= List of Necrophagia band members =

Necrophagia was an American death metal band from Wellsville, Ohio. Formed in 1985, the group originally consisted of vocalist Frank "Killjoy" Pucci, guitarist Larry "Madthrash" Madison and drummer Jason "Dagon" Moloch. After Moloch was replaced by Joe "Voyeur" Blazer and Bill "Bork" James joined on bass, the band released its debut album Season of the Dead in 1987, before breaking up in 1988. Pucci later reformed the group in 1997, fronting the band until his death in March 2018. The final lineup of Necrophagia also included drummer Shawn Slusarek, guitarist Serge Streltsov and bassist Jake Arnette.

==History==

===1984–1988===
Necrophagia was officially formed in May 1985 with a lineup of Frank "Killjoy" Pucci on vocals, Larry "Madthrash" Madison on guitar and Jason "Dagon" Moloch on drums. Prior to this, Pucci and Moloch had recorded the demos Death Is Fun and Rise from the Crypt under the moniker in 1984, on which Madison was credited despite not performing. After a few months, Moloch was replaced by Joe "Voyeur" Blazer, and in January 1986 the band added Bill "Bork" James as its first bassist. A string of demos followed, before the band signed with New Renaissance Records and released its full-length debut Season of the Dead in February 1987 (July in the United States).
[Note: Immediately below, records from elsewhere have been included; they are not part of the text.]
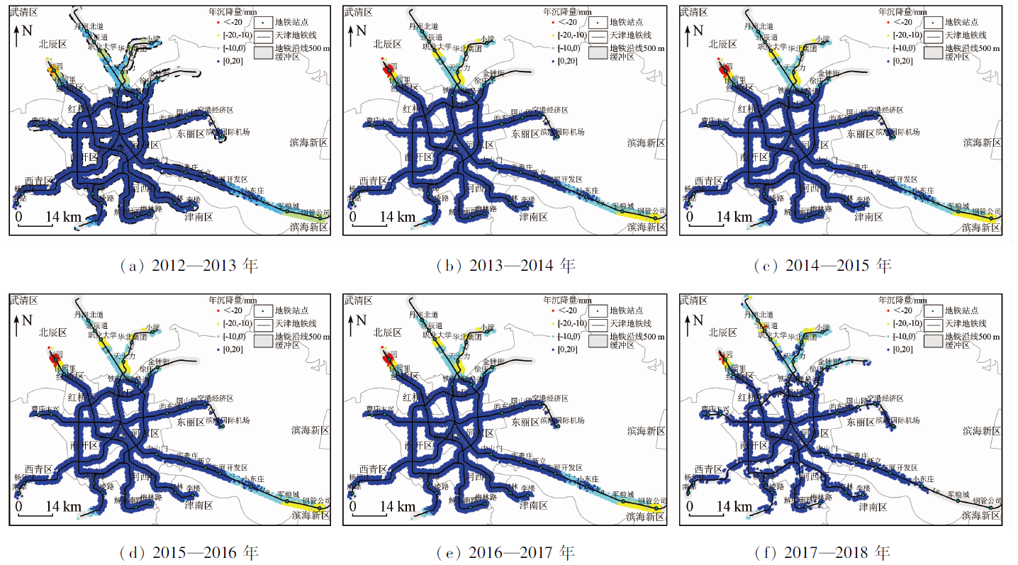 | 图13 天津市地铁线缓冲区年沉降量 |
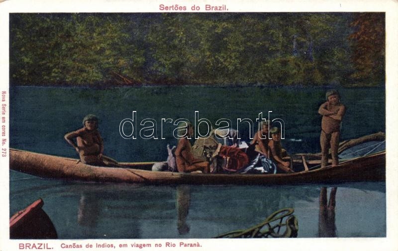 Leírás: Brazilian Indian folklore, Canoes of Indians, traveling in the Paraná River
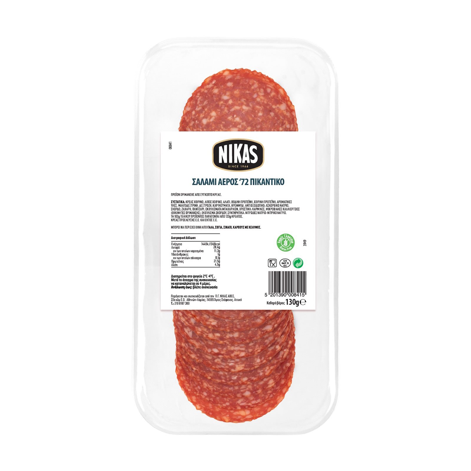 NIKAS Σαλάμι Αέρος '72 Πικάντικο σε φέτες Χωρίς γλουτένη 130g
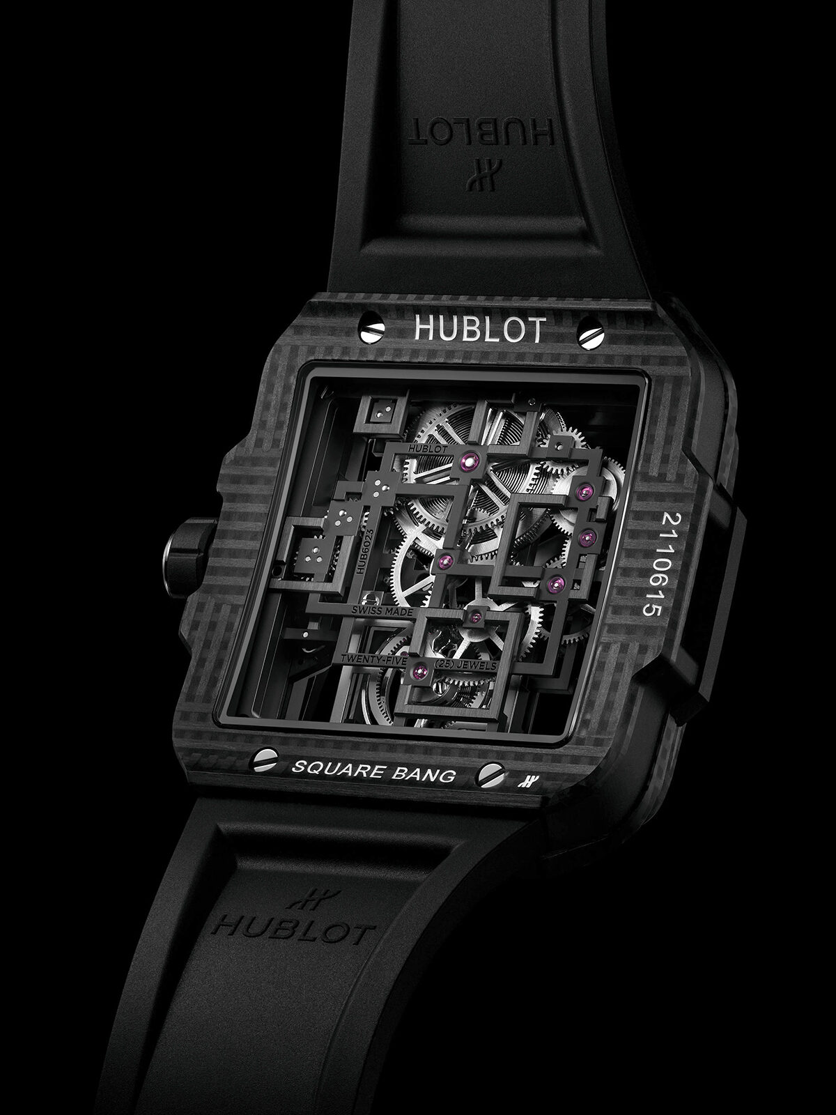 Hublot (อูโบลท์) เปิดตัว Square Bang Tourbillon 4-Day Power Reserve นาฬิกา Square Bang รุ่นแรกที่พลิกโฉมด้วยนวัตกรรมกลไกตูร์บิญง ภายในตัวเรือนทรงสี่เหลี่ยมคาร์บอนไฟเบอร์แบบสามมิติ ขนาด 42 มิลลิเมตร หนา 13.20 มิลลิเมตร ท้าทายกรอบการออกแบบนาฬิกาแบบดั้งเดิม โดดเด่นด้วยวัสดุคอมโพสิตคาร์บอนถักลายแนวตั้งและแนวนอน ที่ออกแบบโดยอ้างอิงจากลวดลายทรงสี่เหลี่ยม เพื่อคงอัตลักษณ์คอลเลกชัน Square Bang โดยรุ่นนี้เป็นนาฬิกาจับเวลารุ่นแรกของคอลเลกชัน รวมถึงเป็นครั้งแรกที่กลไกภายในประกอบด้วยสะพานจักรกลทรงสี่เหลี่ยม สะท้อนความกลมกลืนระหว่างรูปทรงและฟังก์ชันการใช้งาน
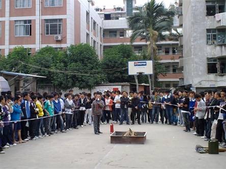 隨著呼救聲的響起,只見煙霧從窗口冒出,組織人員安排現(xiàn)場同學以宿舍為單位,井然有序的用濕毛巾捂住口鼻從樓梯撤下聚集到安全場所。在進行兩次演練后,保衛(wèi)科老師為同學們講述了關(guān)于消防的知識,在大火中如何逃生和使用滅火器。并在空地上進行了滅火的實際操作演練。
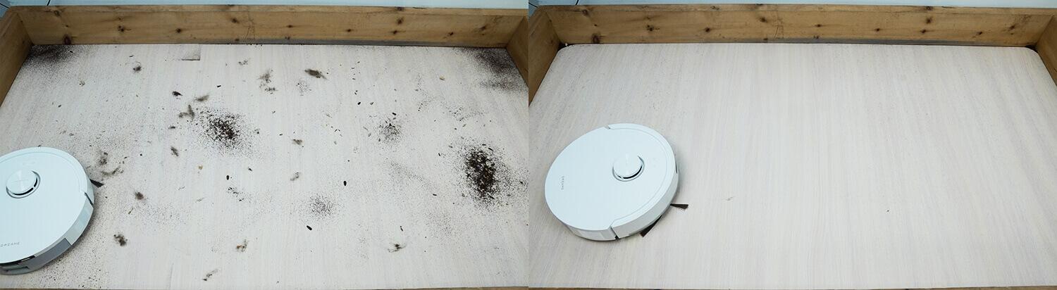 В реальности мощность повышенная у робота, но не такая, как указано в цифрах. Наблюдаются аэродинамические потери, в т.ч. из-за того, что блок центральной щётки не плавающий. Но интересно, что фактически робот показал лучше результат, чем обычный F21. Может как-то связано с пылесборником, который немного изменен, хотя обычно у самоочищающихся роботов наоборот мощность слабее из-за менее герметичной конструкции пылесборника.

Killjoy fired the rest of the band in January 1988, claiming that the other members "just didn't want to do the sorta stuff [he] did, so we're going in different directions". He briefly worked with a new lineup on a second Necrophagia album called Compelled by Fear, retaining James on bass and replacing Madison with a guitarist known only as "Dave", but later confirmed the group's disbandment and formed his own solo band. Killjoy later released an album called Compelled by Fear in 1990.

===1997–2008===
In 1997, Killjoy reformed Necrophagia after encouragement from Pantera frontman Phil Anselmo — with whom he had been working as part of the group Viking Crown — who he claims "resurrected" the band by writing "some truly dark, horrific music". The new lineup included Anselmo (under his alias "Anton Crowley") on guitar, Dustin Havnen on bass and Wayne Fabra on drums, who together released the comeback album Holocausto de la Morte in 1998. After the video Through Eyes of the Dead and the EP Black Blood Vomitorium, Havnen was replaced during the summer of 2001 by Jared Faulk. By the fall, the band's lineup had expanded with the addition of second guitarist Fred "Frediablo" Prytz and keyboardist Opal Enthroned (Stephanie Weinstein), both of whom performed on the EP Cannibal Holocaust issued before the end of the year.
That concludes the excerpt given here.